Politicians make mistakes all the time. There is no getting away from it, as being wrongfooted by public opinion can spell the end of a political career. In that sense, they’re a bit like academics: we are also bound to get things wrong. But unlike politicians, we see the advantages in uncovering and learning from our errors and biases, in discovering new things and constantly thinking beyond the immediate problem.
That’s why the national academies – the British Academy, representing the humanities and social sciences, among them – are drawing together the country’s most distinguished researchers to support the government’s response to the Covid-19 pandemic by sharing different perspectives, knowledge and insight.
It is understandable that the government is focusing on short-term decisions about the pandemic, and gratifying that they aim to follow “the science” (ie data and evidence). Much of this science involves epidemiological, medical, engineering and technological capabilities.
But it is important to also focus on how to address many of the social and economic challenges in the wake of the pandemic: we need “science” in the broadest sense of the word.
Even now, we need to understand the long-term consequences of the government’s strategy for tackling the pandemic. This week, the government plans to unveil elements of its strategy for easing lockdown. It is vital that ministers seek a wide range of advice to inform this. Schools, businesses and other employers are counting on it.
We need to understand how people cope with medical and other threats to their lives and livelihoods, and how differing views and backgrounds affect responses to such challenges. We need to identify and address the weak points in our legal, educational, and informal care structures.
This pandemic may bring changes in many people’s work, roles and social relations, with significant implications for mental health and wellbeing. It has exposed new vulnerabilities not addressed by our health and benefits systems. With so much in flux, we need to work out what the new social contract will be.
We need psychologists to establish the potentially damaging impact of virtual learning on young children, ethical philosophers to scrutinise the value given to care work in society, legal scholars to interpret the powers devolved administrations have when implementing emergency measures, and urban geographers to turn the “test, track and trace” strategy into a reliable method to ease lockdown. These are just a few examples of the challenges society will face before it resolves the coronavirus crisis.

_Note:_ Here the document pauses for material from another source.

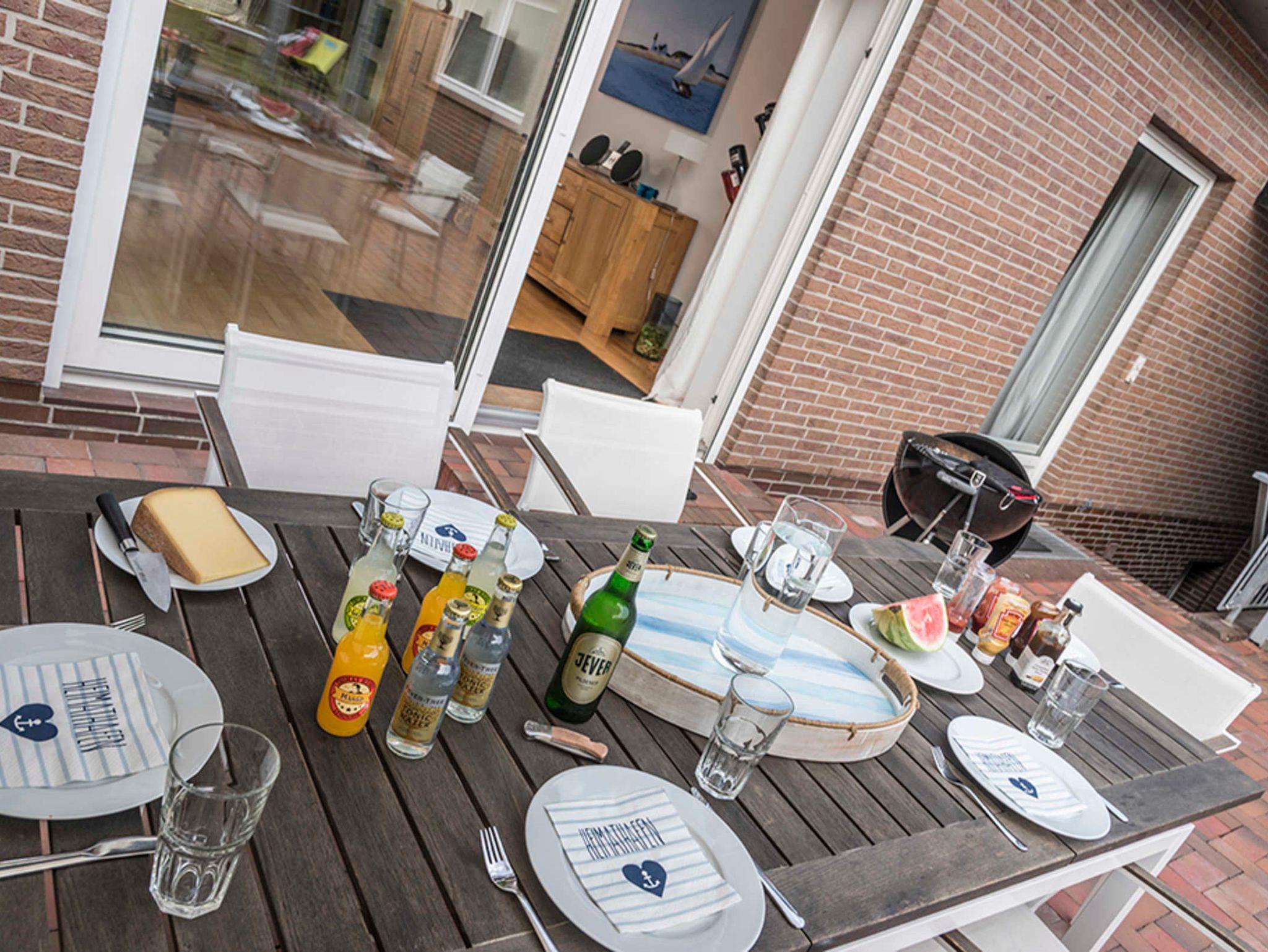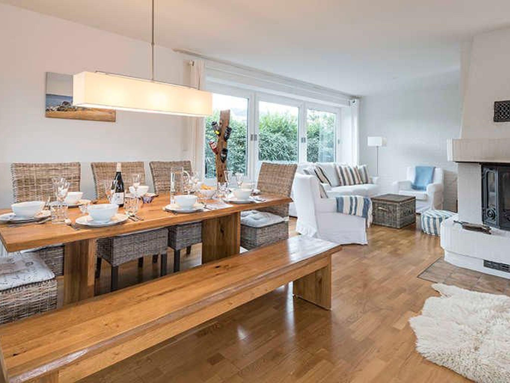 Im großen Wohnzimmer mit Kamin kann man sich treffen, Tee trinken mit Rhabarberkuchen vom Kurhaus oder zusammen essen am großen Tisch für 12 Personen. In der großen Küche mit Stehtisch lässt sich hervorragend zusammen kochen oder einfach schnacken. Auf der Terrasse, im Garten oder in der sog. Lounge geht am gemeinsamen Grillen fast kein Weg vorbei. Die Kinder können jederzeit raus in den großen, eingewachsenen Garten.

One example of how this is working already is research by social psychologists at several different universities, which has helped form our understanding of the dynamics of social distancing and crowd behaviour in emergencies. Their research has helped public policy makers identify the stress points, and develop social norms that people will actually be willing to comply with.
One lesson we must take from this pandemic is that governments need to understand the value of deferring to multiple scientific perspectives. Sars and Ebola have led to growing recognition that epidemics are social and anthropological – as well as medical – phenomena. A team of anthropologists at the Institute of Development Studies worked closely with communities in Sierra Leone to trace the social practices, such as burial rites, that might be involved in transmitting Ebola and replace these with temporary, risk-free alternatives. Thanks to this experience, the World Health Organisation now regularly relies on social scientists in shaping its public health emergency measures.
As Levi Strauss said, an expert knows all the answers – if you ask the right questions. Our quest is not to find the one truth or “the science”, but to deploy our different academic insights to best effect under the circumstances.
It is then perfectly possible to get multiple experts to work together to identify how we can get things less wrong. That is what we need to be doing now by drawing on every sphere of academic insight across the humanities, social and natural sciences. If we can get that right and stick with it, we will lay the foundations for shaping a better future.